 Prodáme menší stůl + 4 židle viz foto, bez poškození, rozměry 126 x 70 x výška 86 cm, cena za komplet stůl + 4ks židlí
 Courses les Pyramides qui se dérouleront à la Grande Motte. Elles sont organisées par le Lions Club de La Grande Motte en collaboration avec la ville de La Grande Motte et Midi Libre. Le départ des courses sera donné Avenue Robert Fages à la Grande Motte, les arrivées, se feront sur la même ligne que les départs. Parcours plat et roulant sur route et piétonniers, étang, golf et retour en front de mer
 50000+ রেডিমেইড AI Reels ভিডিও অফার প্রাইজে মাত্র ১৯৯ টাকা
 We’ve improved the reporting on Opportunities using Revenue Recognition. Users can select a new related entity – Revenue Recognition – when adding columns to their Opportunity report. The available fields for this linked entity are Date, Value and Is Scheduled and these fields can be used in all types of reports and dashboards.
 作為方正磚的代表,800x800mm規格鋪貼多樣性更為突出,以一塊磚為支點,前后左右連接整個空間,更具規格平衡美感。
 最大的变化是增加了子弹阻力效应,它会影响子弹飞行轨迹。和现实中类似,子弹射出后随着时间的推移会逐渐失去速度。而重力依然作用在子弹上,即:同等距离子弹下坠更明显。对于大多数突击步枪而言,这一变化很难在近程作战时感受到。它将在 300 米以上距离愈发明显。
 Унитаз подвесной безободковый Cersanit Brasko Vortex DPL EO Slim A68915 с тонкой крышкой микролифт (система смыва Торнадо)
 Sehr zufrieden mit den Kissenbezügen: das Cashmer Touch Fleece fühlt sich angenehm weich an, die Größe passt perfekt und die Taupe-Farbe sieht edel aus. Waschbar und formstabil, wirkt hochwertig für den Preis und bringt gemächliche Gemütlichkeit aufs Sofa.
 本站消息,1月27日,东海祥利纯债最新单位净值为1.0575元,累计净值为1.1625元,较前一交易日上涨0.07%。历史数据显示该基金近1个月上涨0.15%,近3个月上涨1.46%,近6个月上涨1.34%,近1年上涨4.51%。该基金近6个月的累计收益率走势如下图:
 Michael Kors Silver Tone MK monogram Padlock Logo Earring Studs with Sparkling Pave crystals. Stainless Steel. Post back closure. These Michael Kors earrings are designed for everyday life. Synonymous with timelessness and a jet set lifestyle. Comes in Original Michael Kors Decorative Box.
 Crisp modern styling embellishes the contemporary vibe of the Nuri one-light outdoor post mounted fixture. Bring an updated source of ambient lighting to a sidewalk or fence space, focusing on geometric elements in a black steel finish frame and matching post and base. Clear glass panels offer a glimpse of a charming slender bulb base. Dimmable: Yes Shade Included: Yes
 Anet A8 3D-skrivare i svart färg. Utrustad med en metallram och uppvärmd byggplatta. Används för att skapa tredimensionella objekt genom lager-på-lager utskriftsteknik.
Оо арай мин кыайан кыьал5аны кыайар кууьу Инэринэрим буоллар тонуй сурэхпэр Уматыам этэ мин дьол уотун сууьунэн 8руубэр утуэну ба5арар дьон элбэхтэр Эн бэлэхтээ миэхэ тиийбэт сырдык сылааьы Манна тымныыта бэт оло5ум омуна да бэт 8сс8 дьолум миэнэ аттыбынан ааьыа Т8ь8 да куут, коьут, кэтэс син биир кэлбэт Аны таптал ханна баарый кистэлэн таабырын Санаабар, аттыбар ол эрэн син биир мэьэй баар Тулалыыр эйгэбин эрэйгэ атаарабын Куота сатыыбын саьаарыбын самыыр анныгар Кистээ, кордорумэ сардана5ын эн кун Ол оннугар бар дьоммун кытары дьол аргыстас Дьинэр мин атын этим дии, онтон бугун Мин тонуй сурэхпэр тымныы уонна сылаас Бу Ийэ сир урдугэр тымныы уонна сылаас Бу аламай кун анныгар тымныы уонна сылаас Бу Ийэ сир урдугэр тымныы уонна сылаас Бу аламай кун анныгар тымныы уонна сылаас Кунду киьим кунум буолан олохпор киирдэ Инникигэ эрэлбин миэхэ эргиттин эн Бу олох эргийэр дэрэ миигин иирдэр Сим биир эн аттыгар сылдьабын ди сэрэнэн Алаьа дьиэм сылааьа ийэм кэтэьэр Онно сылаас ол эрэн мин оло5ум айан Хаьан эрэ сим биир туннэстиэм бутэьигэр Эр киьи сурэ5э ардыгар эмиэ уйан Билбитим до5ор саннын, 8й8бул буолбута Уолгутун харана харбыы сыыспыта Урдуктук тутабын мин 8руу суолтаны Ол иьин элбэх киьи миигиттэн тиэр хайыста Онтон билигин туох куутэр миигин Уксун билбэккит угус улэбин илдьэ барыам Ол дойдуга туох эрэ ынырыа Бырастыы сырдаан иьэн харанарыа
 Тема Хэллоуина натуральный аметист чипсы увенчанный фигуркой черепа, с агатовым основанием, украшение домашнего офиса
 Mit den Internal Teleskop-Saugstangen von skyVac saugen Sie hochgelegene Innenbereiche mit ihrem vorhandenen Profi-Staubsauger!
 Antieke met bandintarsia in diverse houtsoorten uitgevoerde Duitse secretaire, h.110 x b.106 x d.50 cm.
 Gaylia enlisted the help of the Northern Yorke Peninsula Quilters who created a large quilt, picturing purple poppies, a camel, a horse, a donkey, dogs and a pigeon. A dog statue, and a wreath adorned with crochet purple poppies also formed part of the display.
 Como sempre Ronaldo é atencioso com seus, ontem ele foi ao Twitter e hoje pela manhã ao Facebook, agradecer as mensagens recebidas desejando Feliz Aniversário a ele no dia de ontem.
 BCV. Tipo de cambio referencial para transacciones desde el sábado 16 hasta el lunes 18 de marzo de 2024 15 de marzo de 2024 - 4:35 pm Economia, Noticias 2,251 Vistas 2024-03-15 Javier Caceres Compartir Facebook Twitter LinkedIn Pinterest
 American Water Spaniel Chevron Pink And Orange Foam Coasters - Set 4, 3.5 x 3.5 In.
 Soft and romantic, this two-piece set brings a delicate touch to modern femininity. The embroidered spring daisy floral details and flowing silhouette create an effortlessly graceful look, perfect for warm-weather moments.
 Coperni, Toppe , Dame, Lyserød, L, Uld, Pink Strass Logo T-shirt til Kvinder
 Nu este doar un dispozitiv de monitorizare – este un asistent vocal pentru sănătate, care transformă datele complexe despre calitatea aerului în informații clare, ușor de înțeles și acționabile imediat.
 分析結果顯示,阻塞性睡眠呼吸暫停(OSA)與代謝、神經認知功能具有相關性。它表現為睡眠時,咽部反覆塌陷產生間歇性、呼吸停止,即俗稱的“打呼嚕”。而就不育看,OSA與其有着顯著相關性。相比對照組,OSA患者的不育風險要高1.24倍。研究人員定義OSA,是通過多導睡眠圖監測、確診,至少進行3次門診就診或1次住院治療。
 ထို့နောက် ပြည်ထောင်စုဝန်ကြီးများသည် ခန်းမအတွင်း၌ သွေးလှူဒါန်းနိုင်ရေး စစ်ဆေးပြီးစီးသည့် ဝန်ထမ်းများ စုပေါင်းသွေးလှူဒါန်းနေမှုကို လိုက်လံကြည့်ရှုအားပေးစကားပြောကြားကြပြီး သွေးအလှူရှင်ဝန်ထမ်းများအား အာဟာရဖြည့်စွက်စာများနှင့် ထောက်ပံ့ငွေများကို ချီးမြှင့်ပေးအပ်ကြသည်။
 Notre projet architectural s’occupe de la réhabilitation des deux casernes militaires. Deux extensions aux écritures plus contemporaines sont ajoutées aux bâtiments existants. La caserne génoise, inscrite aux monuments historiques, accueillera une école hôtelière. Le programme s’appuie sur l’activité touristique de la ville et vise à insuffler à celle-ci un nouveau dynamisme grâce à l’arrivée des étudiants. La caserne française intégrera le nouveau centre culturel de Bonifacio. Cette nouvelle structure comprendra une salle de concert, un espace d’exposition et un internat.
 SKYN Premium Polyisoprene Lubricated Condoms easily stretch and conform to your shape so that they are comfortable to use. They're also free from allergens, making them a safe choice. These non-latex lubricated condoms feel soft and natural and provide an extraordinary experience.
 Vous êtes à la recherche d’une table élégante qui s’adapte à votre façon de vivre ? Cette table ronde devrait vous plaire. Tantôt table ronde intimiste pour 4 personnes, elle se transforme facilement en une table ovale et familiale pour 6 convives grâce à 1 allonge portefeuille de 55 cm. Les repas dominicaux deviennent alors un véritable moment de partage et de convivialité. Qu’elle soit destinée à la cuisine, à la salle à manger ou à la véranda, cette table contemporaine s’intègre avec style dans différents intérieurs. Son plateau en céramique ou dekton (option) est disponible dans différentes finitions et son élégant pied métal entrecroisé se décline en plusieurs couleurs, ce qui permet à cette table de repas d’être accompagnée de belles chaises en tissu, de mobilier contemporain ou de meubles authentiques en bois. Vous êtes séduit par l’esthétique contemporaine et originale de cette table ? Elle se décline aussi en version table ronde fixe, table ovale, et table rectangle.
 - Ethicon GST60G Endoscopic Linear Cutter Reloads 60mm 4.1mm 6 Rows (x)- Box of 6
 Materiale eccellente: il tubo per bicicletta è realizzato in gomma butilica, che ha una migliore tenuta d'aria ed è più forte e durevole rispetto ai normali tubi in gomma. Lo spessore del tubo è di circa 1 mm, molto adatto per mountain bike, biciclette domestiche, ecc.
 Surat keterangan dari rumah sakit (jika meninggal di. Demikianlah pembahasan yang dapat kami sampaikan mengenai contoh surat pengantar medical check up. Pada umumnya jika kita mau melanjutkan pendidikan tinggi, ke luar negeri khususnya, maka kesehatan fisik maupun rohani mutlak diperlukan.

+ + + + + + +

Return only the stretch of the material above from the line holding "Тема Хэллоуина натуральный" through the line holding "Mit den Internal", copied exactly.

* [SOLUTION FOR THIS TASK]:
 Тема Хэллоуина натуральный аметист чипсы увенчанный фигуркой черепа, с агатовым основанием, украшение домашнего офиса
 Mit den Internal Teleskop-Saugstangen von skyVac saugen Sie hochgelegene Innenbereiche mit ihrem vorhandenen Profi-Staubsauger!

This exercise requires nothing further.